DATASET RECORDS
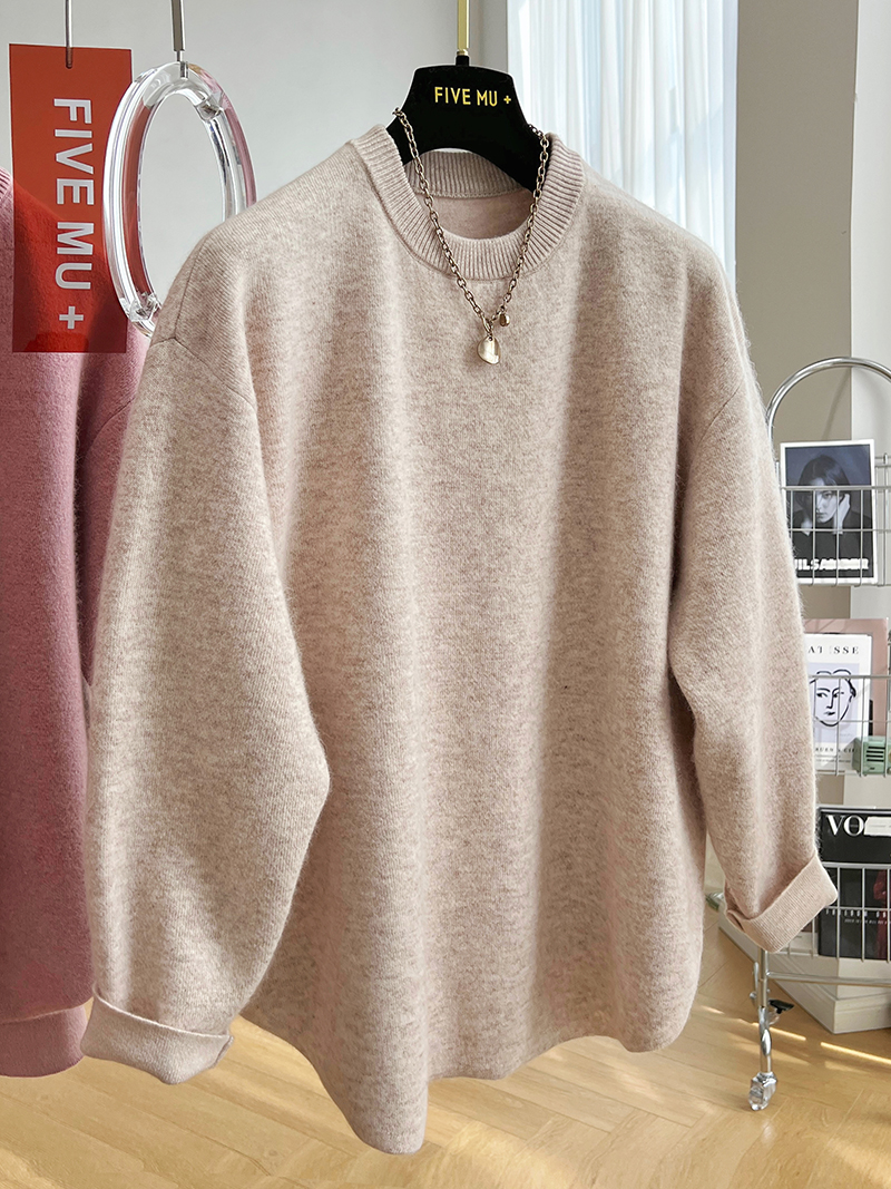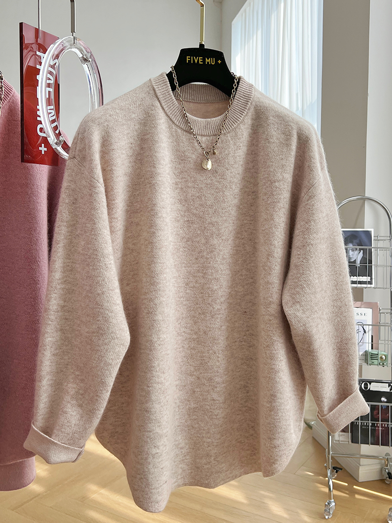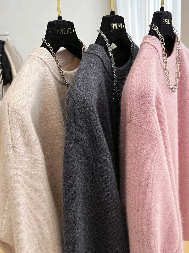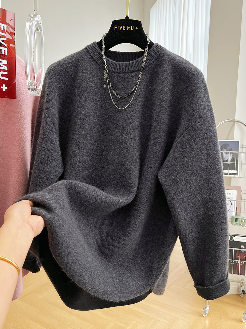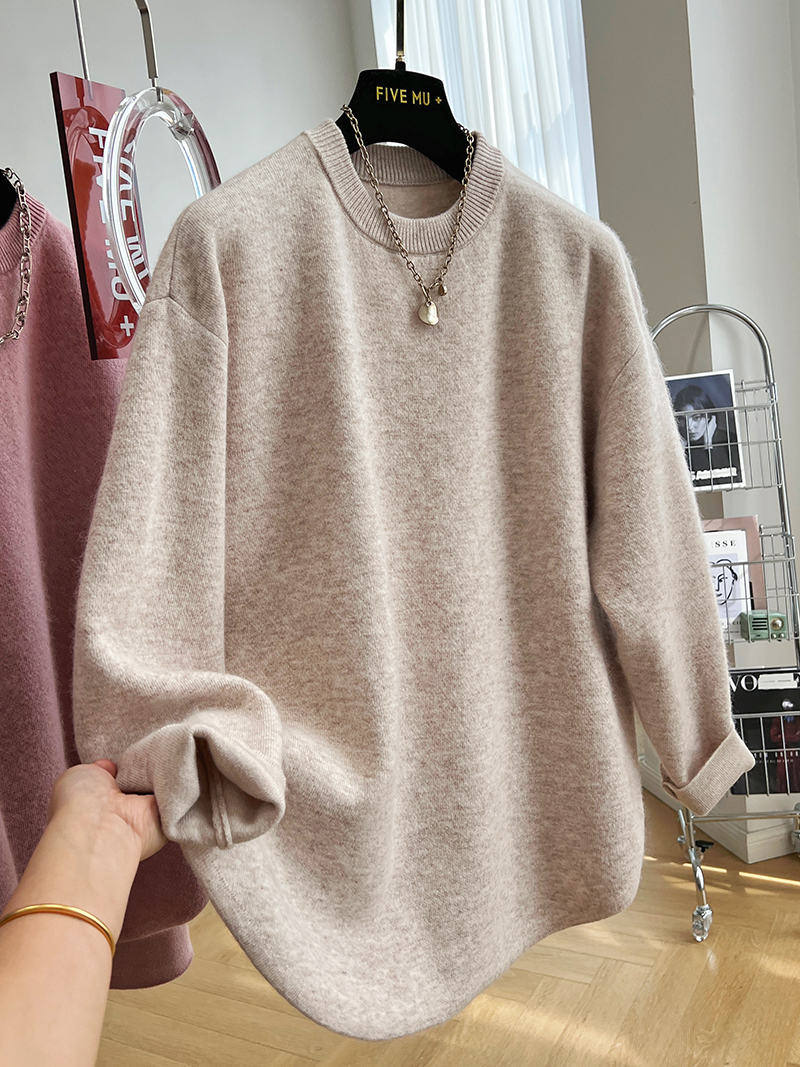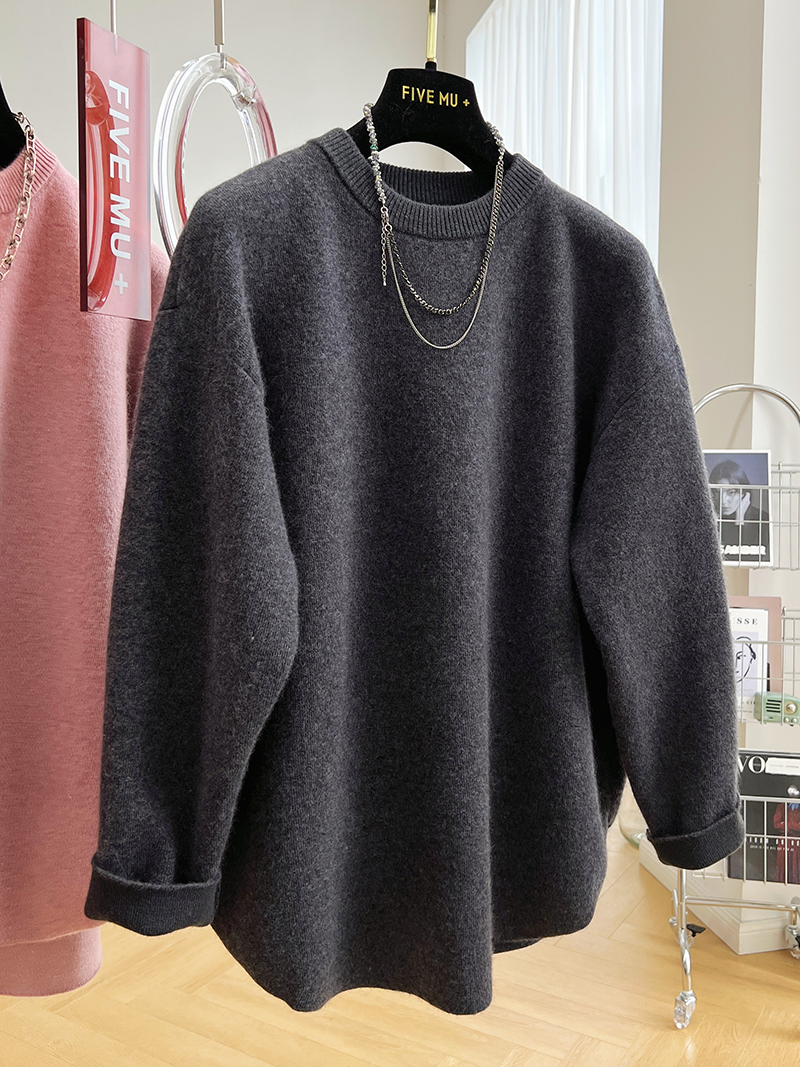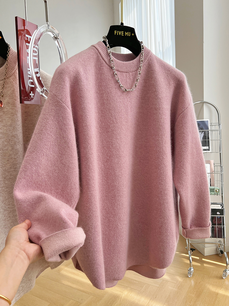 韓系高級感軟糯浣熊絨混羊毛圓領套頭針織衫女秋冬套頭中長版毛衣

--

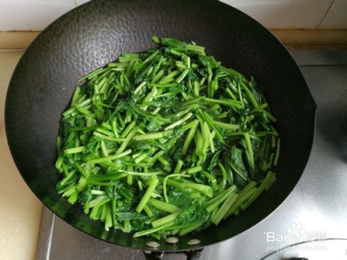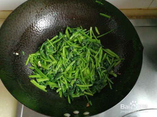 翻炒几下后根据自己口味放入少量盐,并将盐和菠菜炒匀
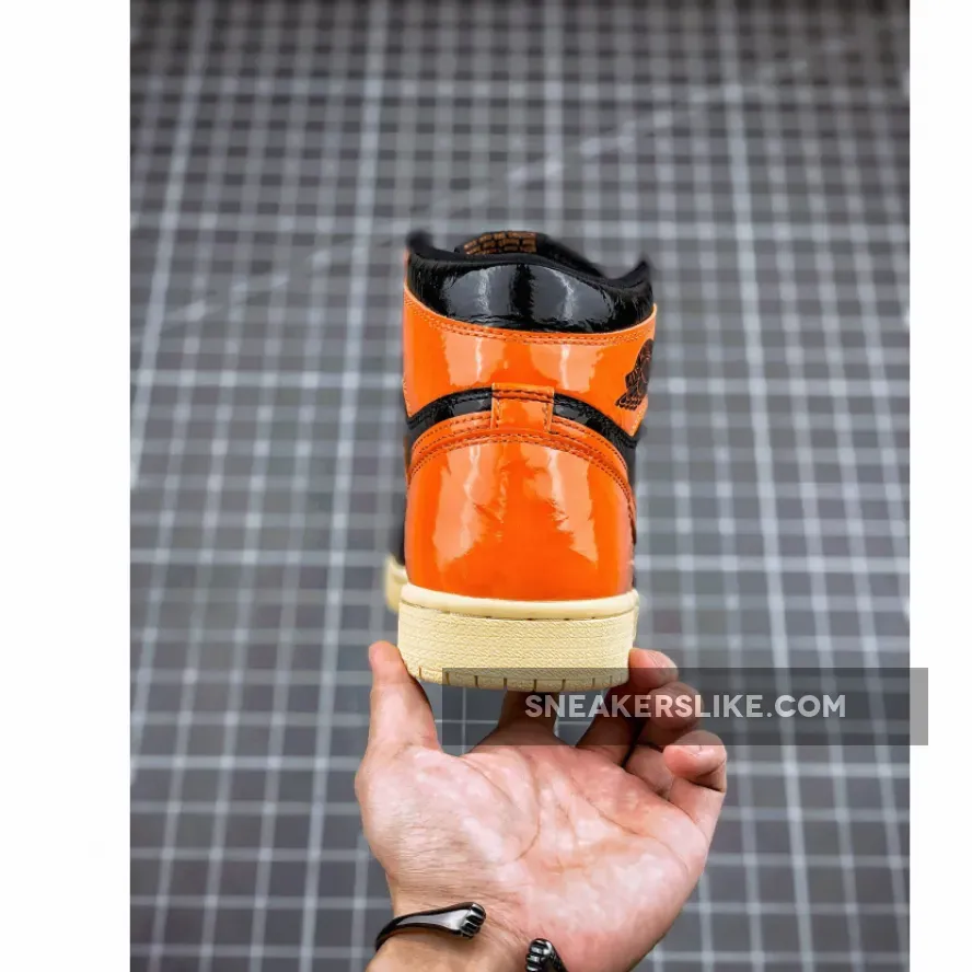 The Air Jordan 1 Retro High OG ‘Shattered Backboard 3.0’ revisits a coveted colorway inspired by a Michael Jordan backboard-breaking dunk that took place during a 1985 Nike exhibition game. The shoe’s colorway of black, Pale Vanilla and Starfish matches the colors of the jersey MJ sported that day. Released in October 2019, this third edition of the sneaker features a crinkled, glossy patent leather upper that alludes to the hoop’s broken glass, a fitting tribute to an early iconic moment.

TASK DETAILS
All that is wanted is the lines above between the one containing "翻炒几下后根据自己口味放入少量盐,并将盐和菠菜炒匀" and the one containing "The Air Jordan", inclusive, restated word for word, with pictures omitted.

OUTPUT
 翻炒几下后根据自己口味放入少量盐,并将盐和菠菜炒匀
 The Air Jordan 1 Retro High OG ‘Shattered Backboard 3.0’ revisits a coveted colorway inspired by a Michael Jordan backboard-breaking dunk that took place during a 1985 Nike exhibition game. The shoe’s colorway of black, Pale Vanilla and Starfish matches the colors of the jersey MJ sported that day. Released in October 2019, this third edition of the sneaker features a crinkled, glossy patent leather upper that alludes to the hoop’s broken glass, a fitting tribute to an early iconic moment.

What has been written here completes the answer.